1. Client sends `blob-upload` with `{ hash, data_b64 }` entries
2. Server verifies content hash matches payload
3. Server persists accepted blobs and stores them in room blob store
4. Server broadcasts `blob-available`

Only hash-valid blobs are accepted.

### Download path

1. Client sends `blob-request` for hash list
2. Server looks up available blobs in room store
3. Server replies with `blob-pack`
4. Client resolves pending blob fetches from returned entries

Responses can include unavailable requests so client can close pending bookkeeping deterministically.
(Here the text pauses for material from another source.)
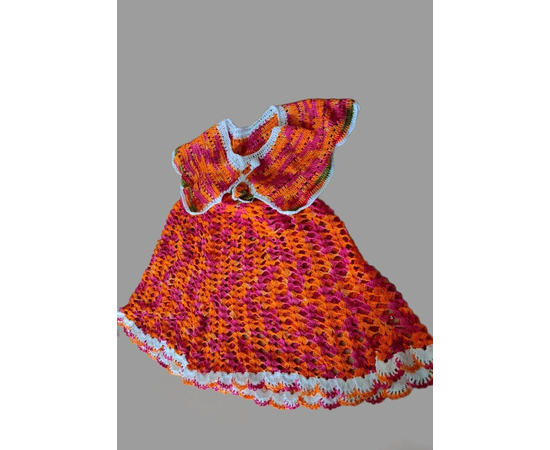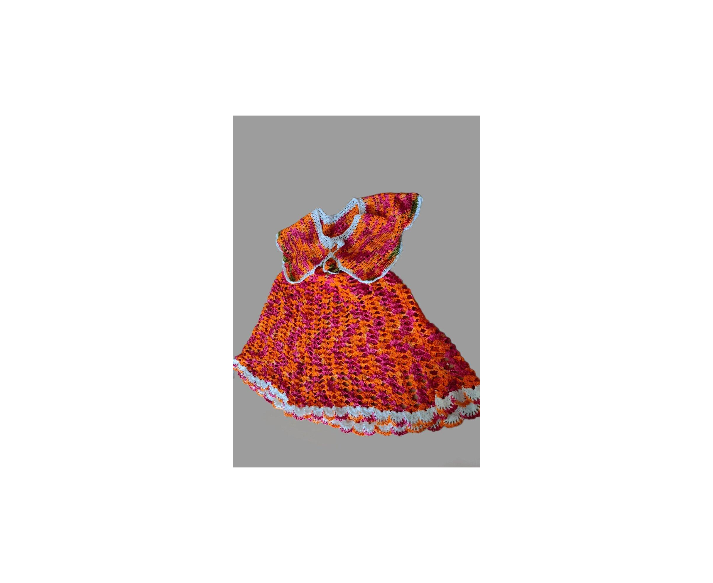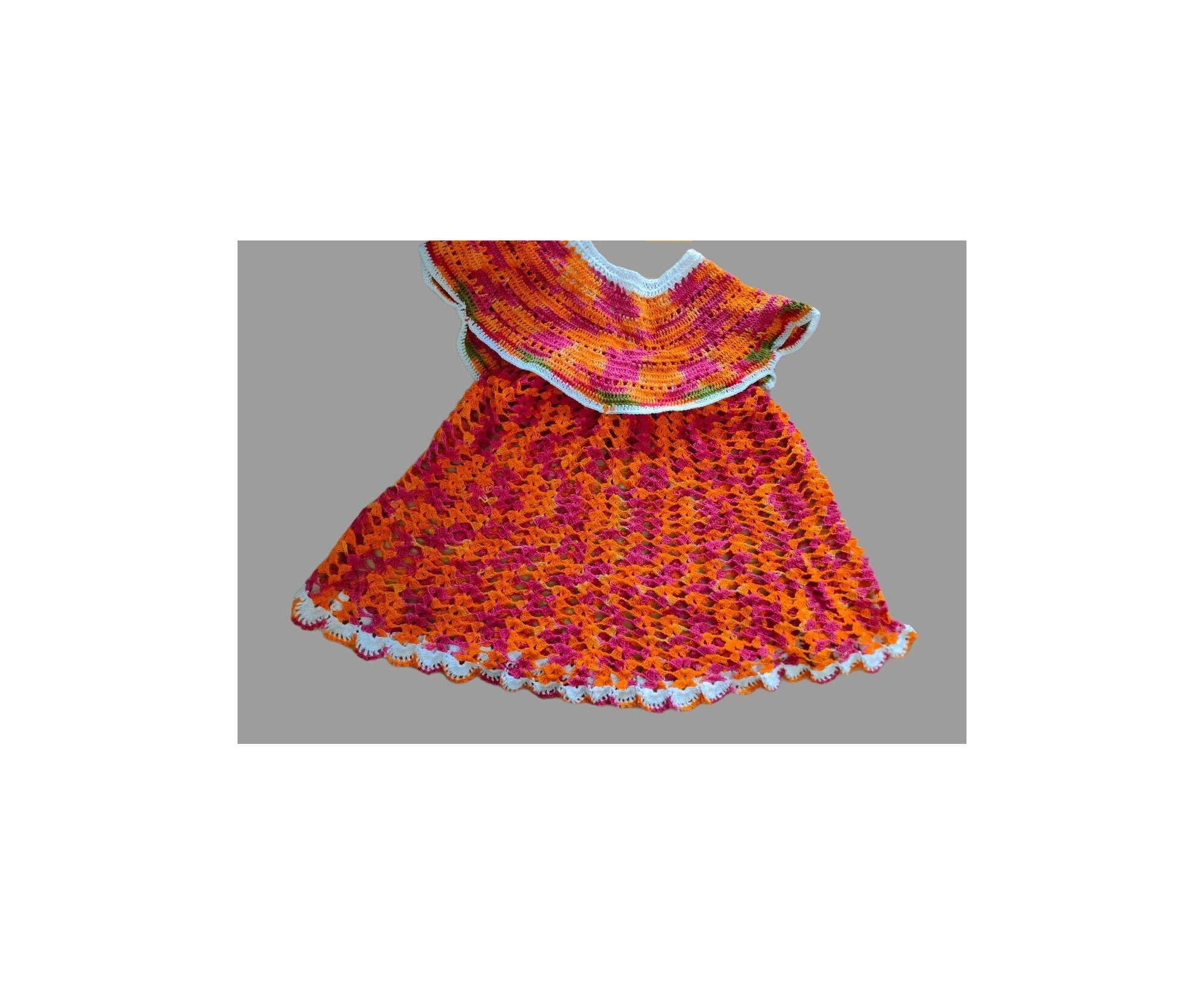Adorable baby girl dress, crocheted from pure cotton yarn in multicolor, decorated with crocheted flower in the front. This dress is a perfect combination of style and comfort, allowing them to feel comfortable and not restricted.

## Direct blob I/O flow (negotiated)

Direct blob I/O offloads payload transfer to backing object storage while keeping protocol control in NodalMerge.

### Direct upload

1. Client sends `request-upload` with target hash and size
2. Server may return presigned upload URL (`upload-granted`)
3. Client uploads bytes directly to object storage
4. Client sends `blob-uploaded`
5. Server verifies upload (`verify_uploaded`) and then broadcasts `blob-available`

If URL grant/verification fails, protocol falls back to WebSocket upload path.

### Direct download

1. Client sends `blob-request`
2. Server resolves download URLs where available
3. Server replies with `blob-redirect` for redirect-capable hashes
4. Remaining hashes fall through to `blob-pack` bytes-over-WebSocket

This mixed response model keeps compatibility while optimizing large payloads.

## Integrity model

Blob integrity is content-hash based:

* Upload acceptance requires hash match
* Direct-upload completion may require backend verification
* Blob references in room state are hash pointers, not mutable file handles

This keeps payload identity stable across transports and storage backends.

## Availability signaling

`blob-available` is a lightweight signal to peers that data may now be retrievable.

It does not replace request/response fetch semantics. Peers still request missing blob payloads explicitly.

## Storage coupling and lifecycle

Blob protocol behavior is tied to persistence backend capabilities:

* In-memory or local file-backed stores can serve bytes directly
* Object-storage backends can expose direct URL flows
* GC/lifecycle rules remain backend-governed but must respect reachability semantics

Blob transport choices must not change replay correctness for node history.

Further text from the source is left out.